● Source information
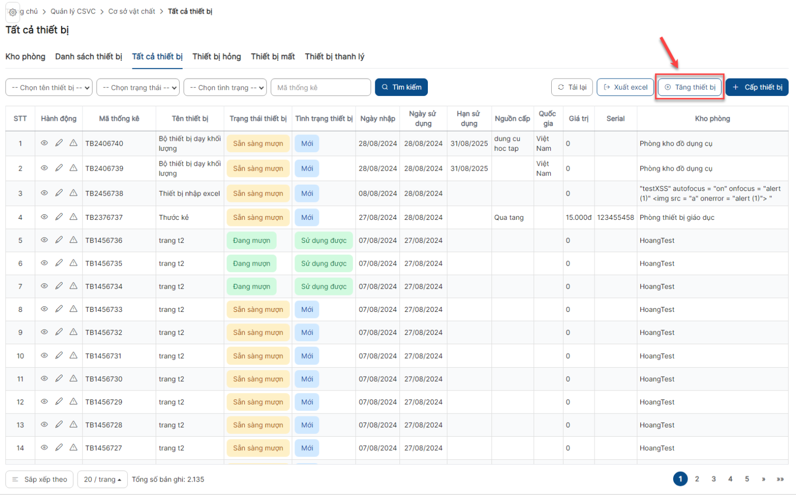 Bước 1: Menu Quản lý CSVC > Click tab Tất cả thiết bị
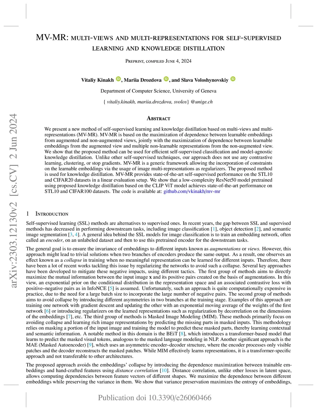 MV-MR: multi-views and multi-representations for self-supervised
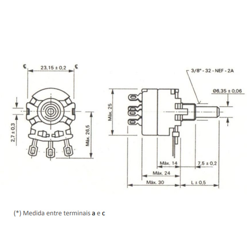 | Potência máxima | 40°C: 0,25W /70° 0,125W |
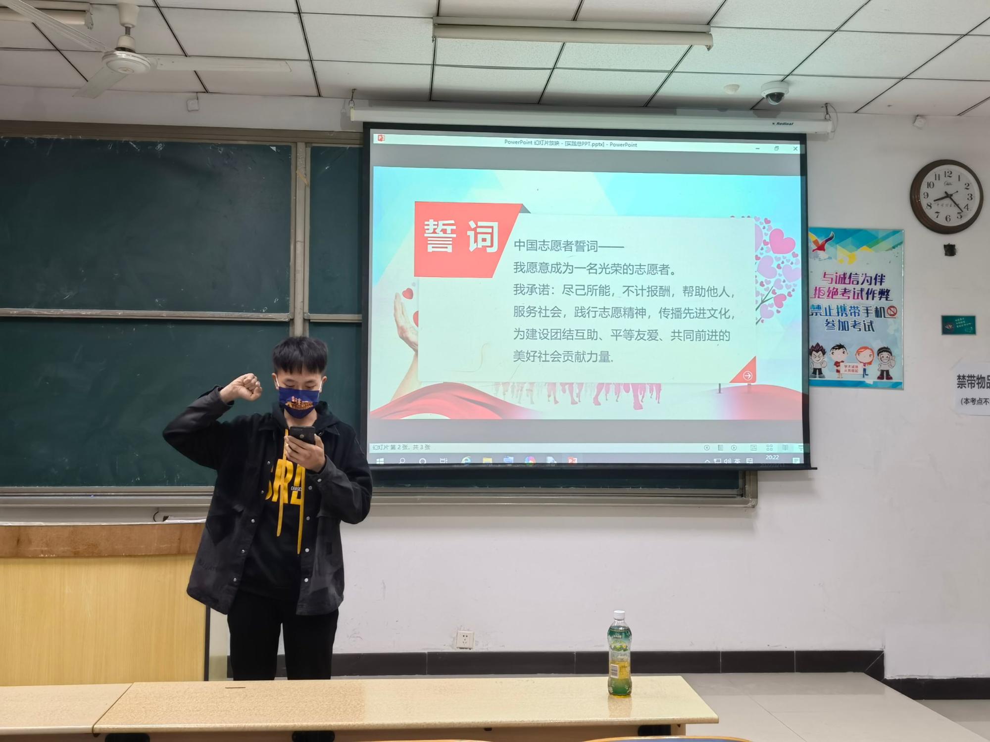 活动初始,两个班级的同学按照预先设定的展示顺序有条不紊地上台展示,参与实践展示的同学通过PPT、视频等方式叙说了社会实践的具体过程,并用丰富的照片材料加以补充。台下同学为参与实践分享的同学送上热烈的掌声。随后,还未参与社会实践的同学对其他同学的社会实践表示赞同,并分享了参加及此次活动的感受。
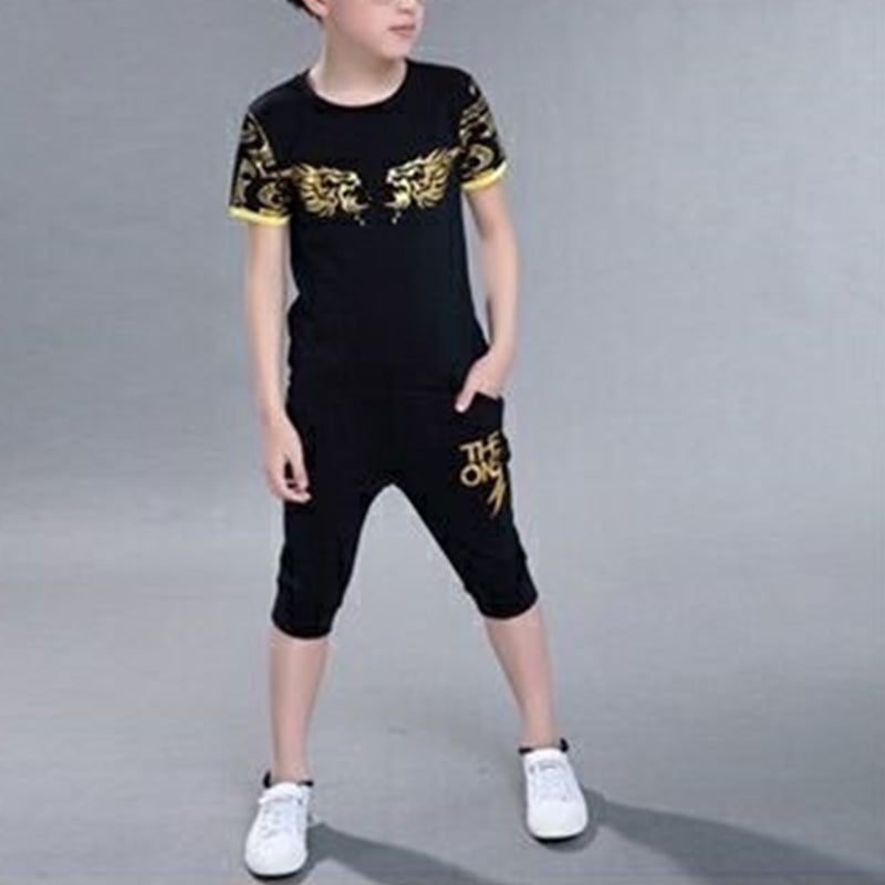 Boy Wing Print Geometric Pattern T-shirt & Capri Pants Wholesale

● Problem statement
From the first line to the last, give the data again exactly, but without pictures.

● Exercise result
 Bước 1: Menu Quản lý CSVC > Click tab Tất cả thiết bị
 MV-MR: multi-views and multi-representations for self-supervised
 | Potência máxima | 40°C: 0,25W /70° 0,125W |
 活动初始,两个班级的同学按照预先设定的展示顺序有条不紊地上台展示,参与实践展示的同学通过PPT、视频等方式叙说了社会实践的具体过程,并用丰富的照片材料加以补充。台下同学为参与实践分享的同学送上热烈的掌声。随后,还未参与社会实践的同学对其他同学的社会实践表示赞同,并分享了参加及此次活动的感受。
 Boy Wing Print Geometric Pattern T-shirt & Capri Pants Wholesale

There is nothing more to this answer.